The endpoints to use are:
- For the character id's: http://localhost:8080/{publickey}/{hash}/characters/
- For details about a single character (found from id): http://localhost:8080/{publickey}/{hash}/characters/{id}
To obtain your hash:
Search for an online MD5 hash generator on Google and type 1 followed by your public key and your private key. No spaces.
This will give you your hash path variable.
This solution also uses gson as a Maven dependency instead of Jackson to parse the JSON response from the Marvel API. To implement gson, put spring.mvc.converters.preferred-json-mapper=gson into your application.properties and paste the following into your pom.xml file under dependencies:
<dependency>
<groupId>com.google.code.gson</groupId>
<artifactId>gson</artifactId>
<version>2.8.8</version>
</dependency>
The Marvel Comics API allows developers to access information about Marvel's vast library of comics.
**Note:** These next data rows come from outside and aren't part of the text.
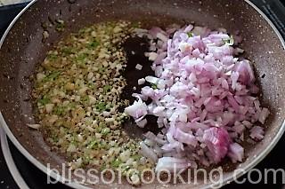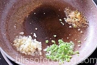- Heat 1spoon oil in a pan: add jeera, and then add ginger, garlic, chilli, onion and saute for 2 to 3 minutes.
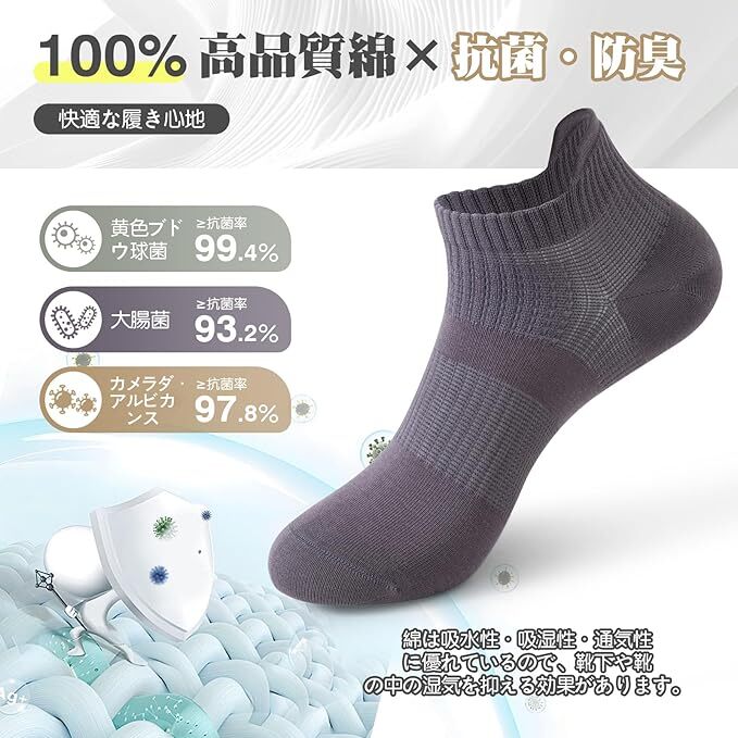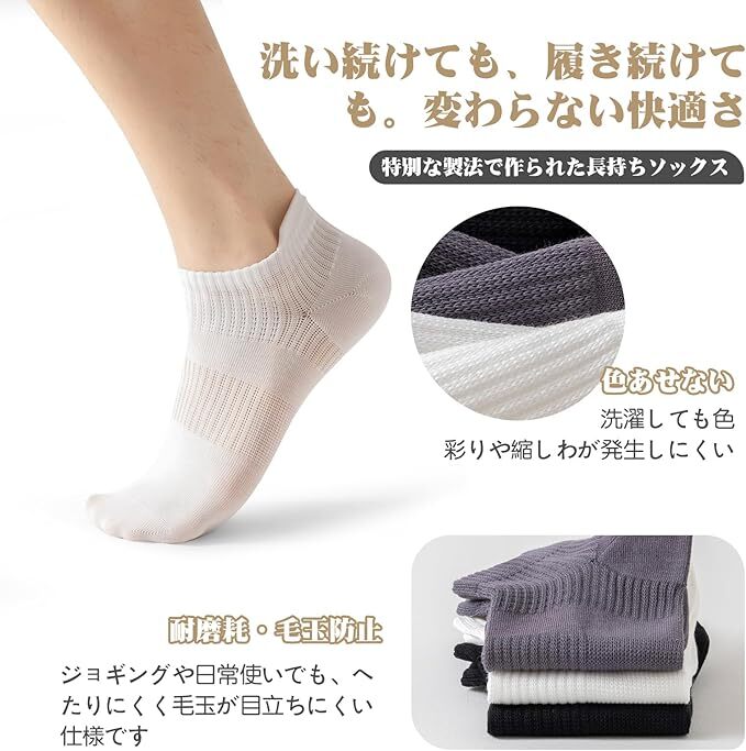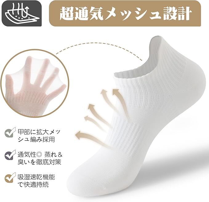 Amazon | [Ferriya] メンズスポーツソックス 通気性ボートソックス 抗菌防臭 吸汗速乾 滑り止め加工 シームレス ランニング トレーニング 通勤用アンクルソックス 26-28cm 5足組
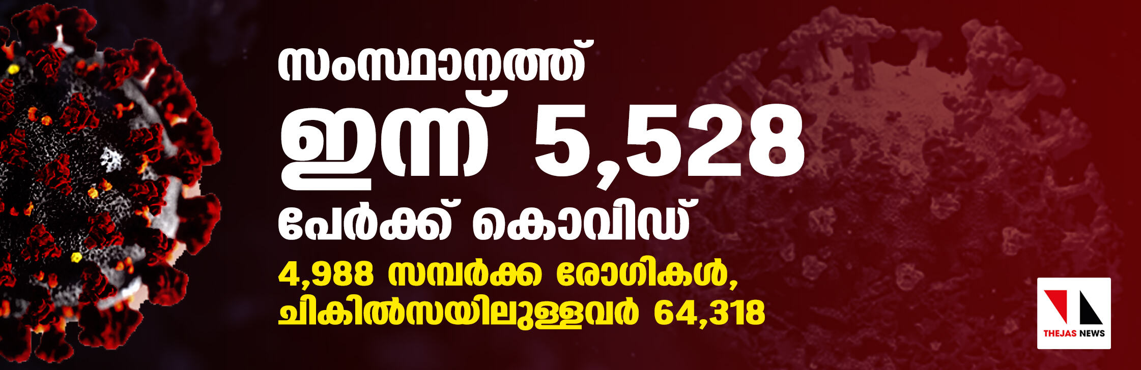 സംസ്ഥാനത്ത് ഇന്ന് 5,528 പേര്ക്ക് കൊവിഡ്; 4,988 സമ്പര്ക്കരോഗികള്, ചികില്സയിലുള്ളവര് 64,318
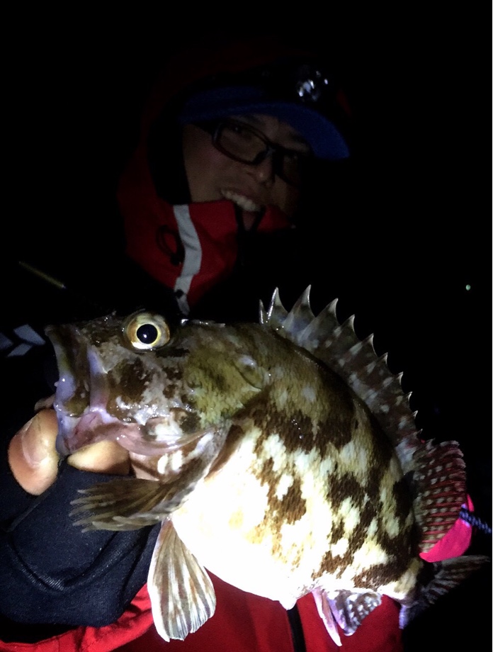 ナイトロック!こんにちは! この日は夜暇だったので、産卵で入ってきてるブリブリのアラカブ狙いへ。 ナイトロック! フィッシュ(笑) メチャクチャ寒い夜で、すぐに手は悴み震え、釣り中に何枚上着を重ね着したか(笑) でも、ワームをちょんちょんするとすぐにカプッ♪ 釣り歩いていくと、こんなサイズが連発♪ 20後半の良いサイズで、お腹はダルンダルンのデブンデブン^^ まだまだ釣れますので、お手軽のライトフィッシングおススメですよ~♪ iPhoneからの投稿

We want you to use the Marvel API (see http://developer.marvel.com/) to build a Characters API:
- Serve an endpoint /characters that returns all the Marvel character ids only, in a JSON
array of numbers.
- Because Marvel API only returns max 100 records per request, you need to load all of them beforehand with your application, and cache it in memory or file, to efficiently serve your endpoint;
- The request should be something like:
// GET /characters
[ 1009718, 1017100, 1009144, 1010699, 1016823, 1009148, 1011334, … ]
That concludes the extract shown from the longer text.